The 2023 MAC women's basketball tournament was the postseason basketball tournament that ends the 2022–23 college basketball season in the Mid-American Conference (MAC). The entire tournament was held at Rocket Mortgage FieldHouse, in Cleveland, Ohio between March 8 and 11. Toledo defeated Bowling Green in the final to earn the conference's automatic bid into the 2023 NCAA tournament.
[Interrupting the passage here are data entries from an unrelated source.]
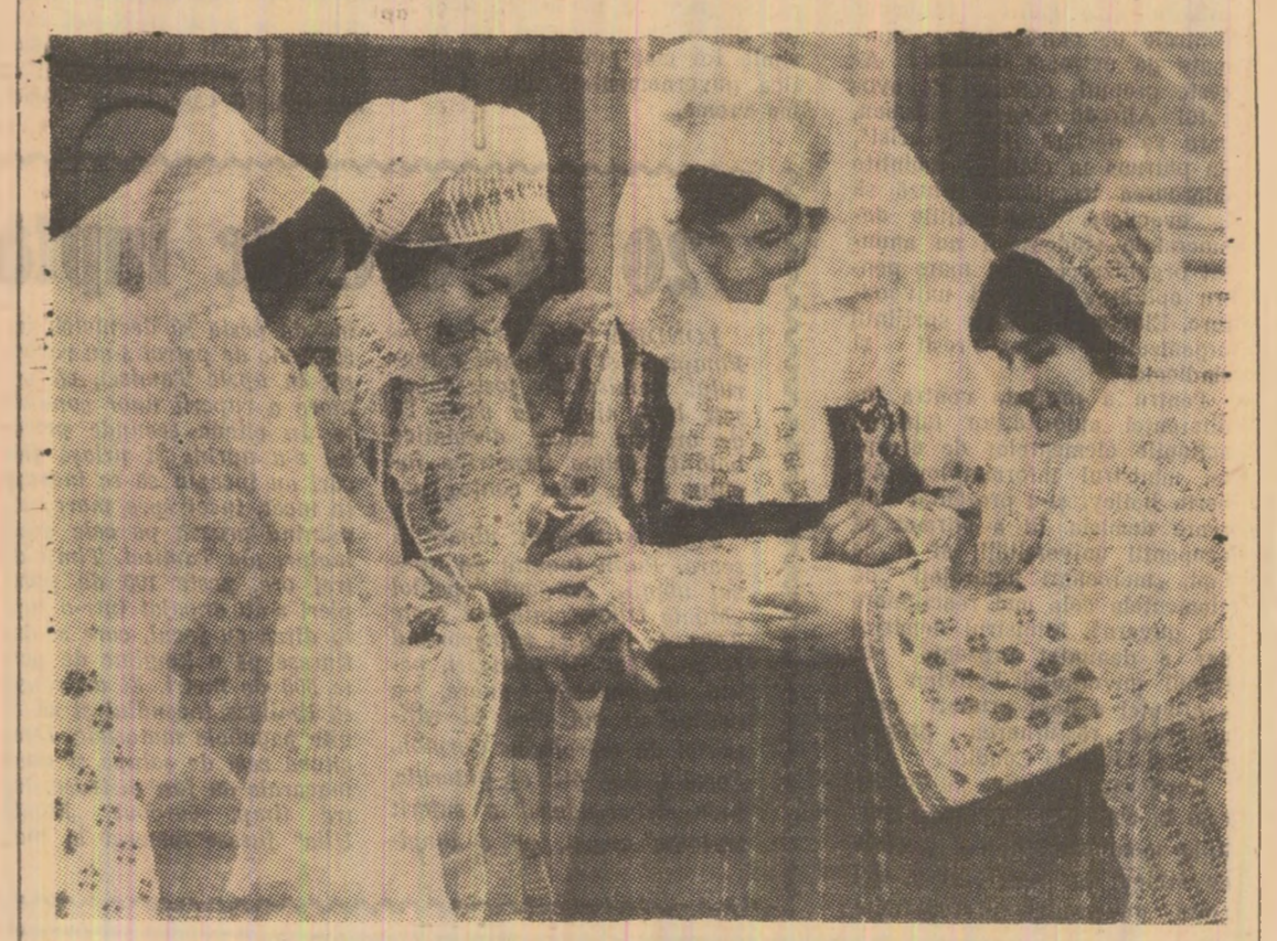
Un nou model? Să-l vedem...

Informații zilnice: la telefon I.C.H. Lotru — Invățămînt.
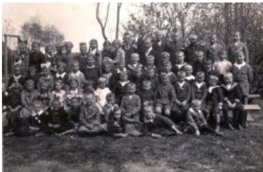
Schüler der Schule in Horst ca. 1925
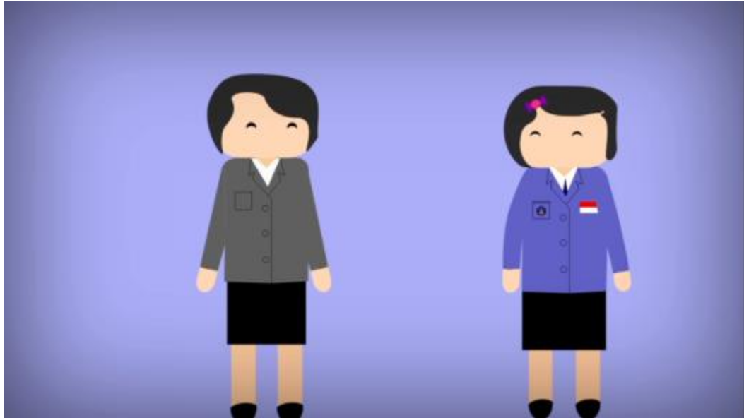
Gambar 7. Menampilkan Tutor Sebaya Bertemu Dengan Konselor
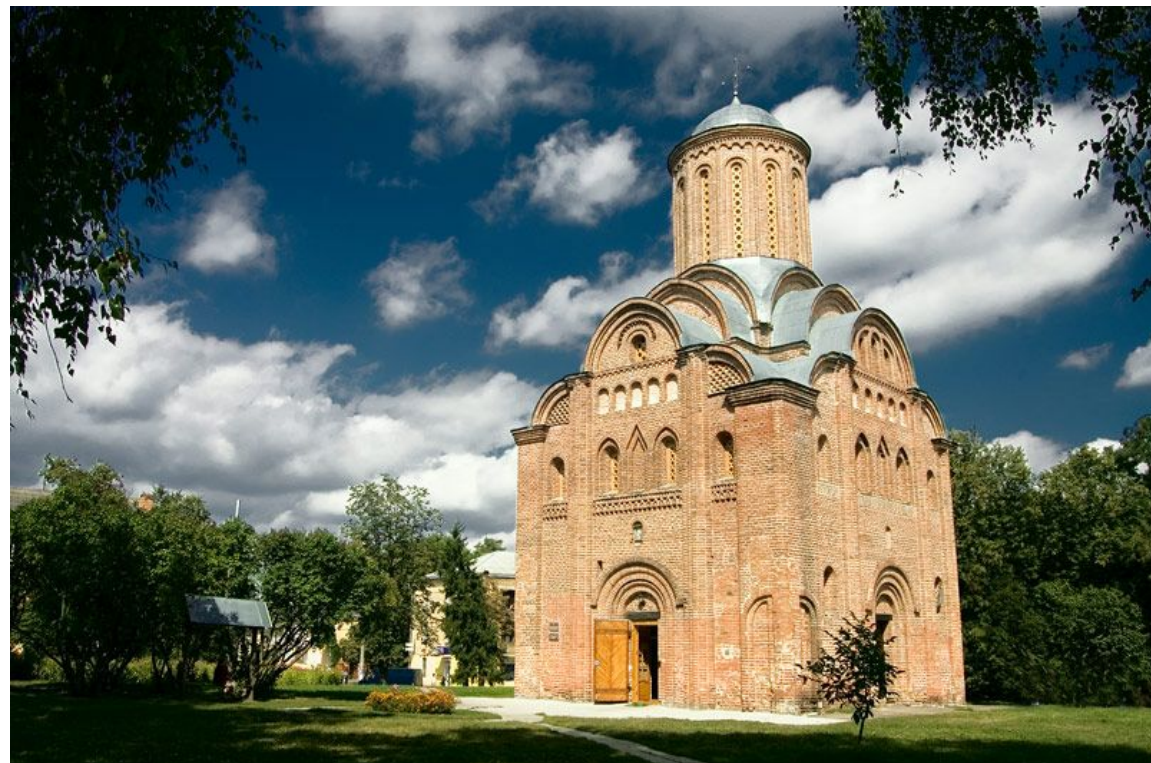
П'ятницькій собор в Чернігові

Quinesha Lockett of Toledo was the MVP.

==Format==
As with the 2021, and 2022 tournament, only the top eight teams qualify. The winner of the tournament received the MAC's automatic bid to the 2023 NCAA tournament.

==Venue==
The 2022 MAC tournament was held at Rocket Mortgage FieldHouse for the 23rd consecutive season. The venue was the home of the Cleveland Cavaliers of the NBA, has a capacity for basketball of 19,432, and is located in downtown Cleveland at One Center Court.

==Seeds==
Eight out of the 12 MAC teams qualified for the tournament. Teams were seeded by record within the conference, with a tiebreaker system to seed teams with identical conference records.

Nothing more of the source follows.